Darrell Settee of Pimicikamak Cree Nation, image taken by Laura Taylor
And just like that, it’s March! With field season just around the corner now, we bring you the fourth post in our blog series on environmental monitoring. Our last post addressed the all-important question about funding your project: Four Creative Ways to Fund Your Environmental Monitoring Project. Today we are talking about the benefits of placing your community’s Indigenous Knowledge at the heart of your environmental monitoring plan. For some time, our team has been using the concept of “braiding” Indigenous Knowledge with western science as a way to acknowledge the crucial and defining role that these ways of knowing play in creating effective monitoring programs. While this still holds true, we’ve recently heard a new way of framing this concept that resonates with us even more: instead of just throwing Indigenous Knowledge into the mix of an existing western framework, what if we elevate it to be equal with western science? How would that change the environmental monitoring programs we create – and their impact?

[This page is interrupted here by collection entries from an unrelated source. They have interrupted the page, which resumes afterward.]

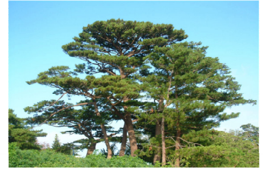
県木 リュウキュウマツ

世界でも珍しい一属一種のキツツキ科の鳥で、沖縄本島北部だけに生息しており、国の特別天然記念物に指定されている。
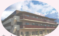
特別養護老人ホーム まごころ園
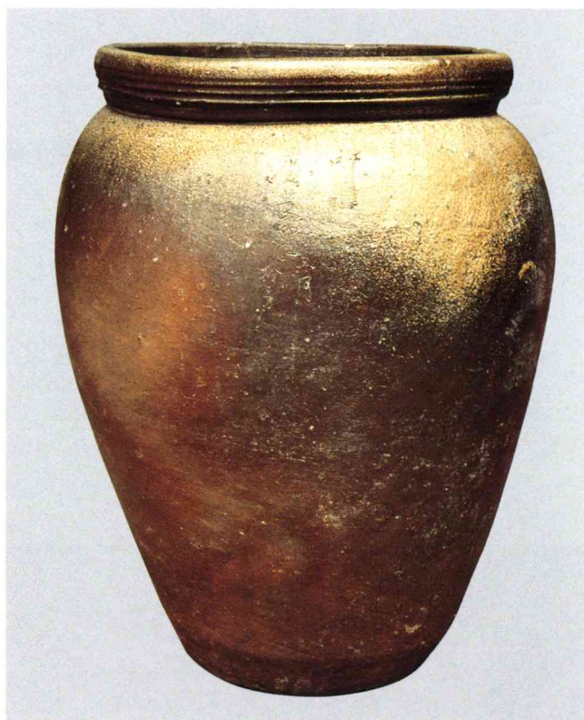
28 (33-037) 大甕 (備前) 慶長2年(1597) 国立歴史民俗博物館
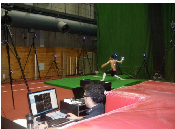
↑高性能カメラ14台に囲まれて
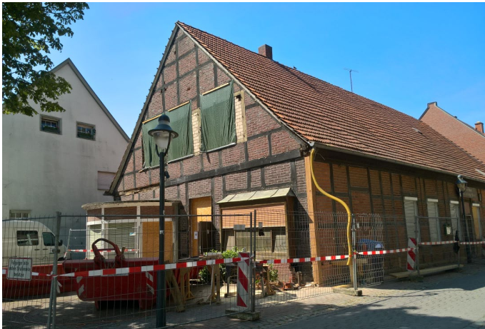
Kaum noch vorstellbar, wie das Gebäude im August 2019 ausgesehen hat.

Die Umbauten am Gebäude ehem. „Hotel zur Post“ sind fast fertig. Die Marga-Kamphus-Stiftung, die das denkmalgeschützte Gebäude an der Mühlenstraße bereits 2017 gekauft hatte, wird dort eine Tagespflege-Einrichtung eröffnen. Elke Willecke, berichtet, dass die Umbauarbeiten noch dieses Jahr beendet werden, sodass die Tagespflege zum 01.01.2021 ihre Eröffnung feiern kann.
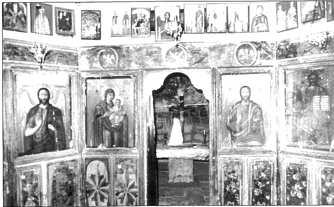
Εικ. 7. Λιπαρό. Ιερός ναός Αγίου Ιωάννη Προδρόμου. Άποψη του γραπτού τέμπλου (18ος-19ος αι.)

με φυσιοκρατικά νεοκλασικιστικά στοιχεία, ενώ β) οι υπόλοιπες συνιστούν την αρχαιότερη και πολυάριθμη ομάδα των εικόνων του Παντοκράτορα, της Οδηγήτριας (εικ. 6), του Προδρόμου, του αγίου Γεωργίου δρακοντοκτόνου, του αγίου Δημητρίου κ.ά. Ξεχωρίζουν για τις αντικλασικές τάσεις που φθάνουν ως την ασχήμια, στοιχεία που απαντούν σε έργα του τέλους του 18ου αι. 25 Ο αγιογράφος δεν έχει ξεφύγει από τη μεταβυζαντινή παράδοση και υιοθετεί ακόμη δυτικούς τρόπους. Λαμβάνοντας υπόψη και τις πληροφορίες για την ανέγερση του ναού, οδηγούμαστε μέσα στην πρώτη δεκαετία του 19ου αι.
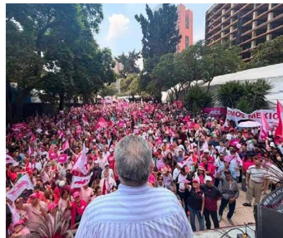
La génesis de Somos México fueron las marchas de la Marea Rosa en defensa del INE y la democracia en México.

No podemos vivir con tantas fobias; la radicalización es tal que ya no se puede tener una plática en cualquier mesa. Llevamos años divididos entre “chairros” y “fifis”.
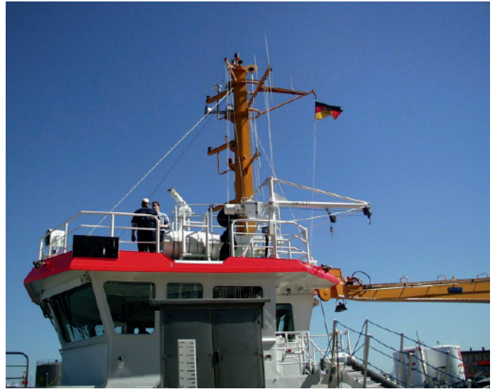
Vermessungsschiff mit SAPOS®-HEPS
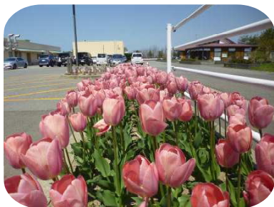
【チューリップ花壇】
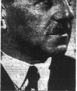
M. Jean BOROTRA
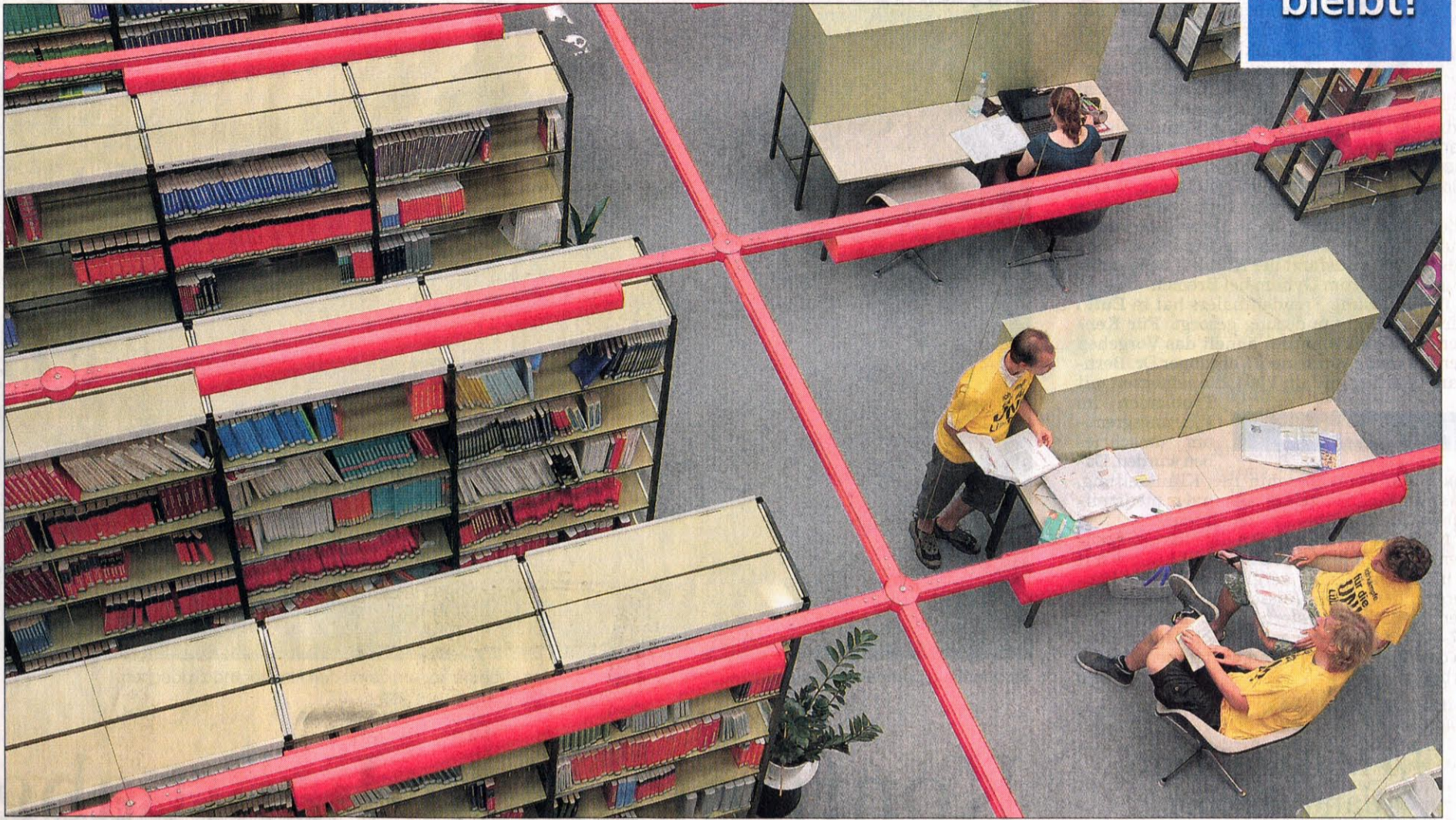
Treffpunkt Hochschulbibliothek: Statt auf Demos zu gehen, ist für die meisten Studierenden nun Lernen angesagt.
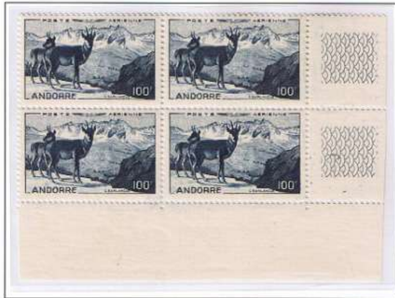
Pyrenäenlandschaft (Felsregion) in französisch Andorra mit Gemsen
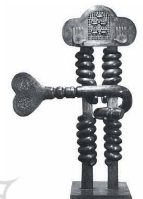
تصویر ۲- تقدیس ۲، اثر پرویز تناولی، پارک ایرانشهر
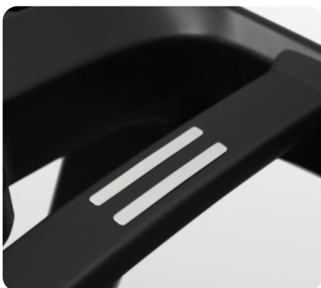
Сенсорные датчики пульса
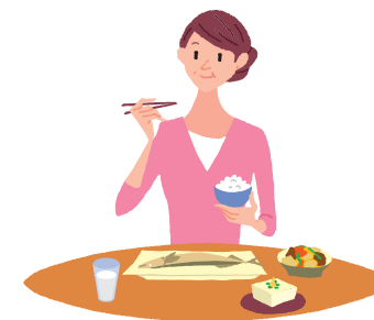
骨の形成に必要な栄養素と食品

アナストロゾール錠1mg「明治」などのアロマターゼ阻害薬は、長期的に服用すると骨粗しょう症 こつそしょうじょう になりやすいといわれています。骨折を予防するために、骨の原料となるカルシウムや、骨の形成にかかわるビタミンD、ビタミンKを多く含む食品を積極的にとることをおすすめします。
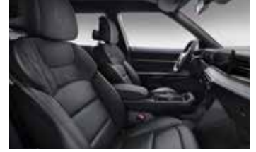
블랙 스웨이드 퀴팅 인테리어 (헤드라이닝 : 블랙)
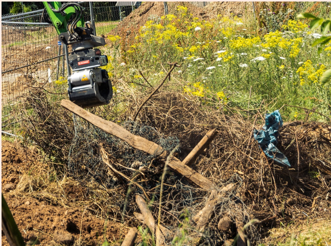
Greifen und Entfernen von Holz und Fremdmaterial aus sensiblen Bereichen
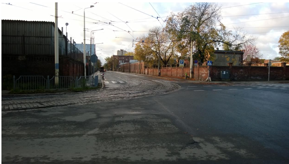
skrzyżowanie ul. Potulickiej z ul. Narutowicza – stan obecny

Let’s keep that shift of language in mind as we talk through the benefits of placing Indigenous Knowledge at the heart of your environmental monitoring programs. Throughout this article, Alison Gamble, Jody Duncan, Jess Ward and Jess Batson, the same SVS experts that brought you Five Key Questions to Plan a Community-Led Environmental Monitoring Program, discuss the centrality of Indigenous Knowledge in building effective monitoring programs. They also explore how the two knowledge systems can work together to help your Nation best achieve its goals.
“Real power comes from the understanding that everyone’s voice is important when it comes to monitoring the changes to the land,” says Alison Gamble, Senior Environmental Scientist with SVS.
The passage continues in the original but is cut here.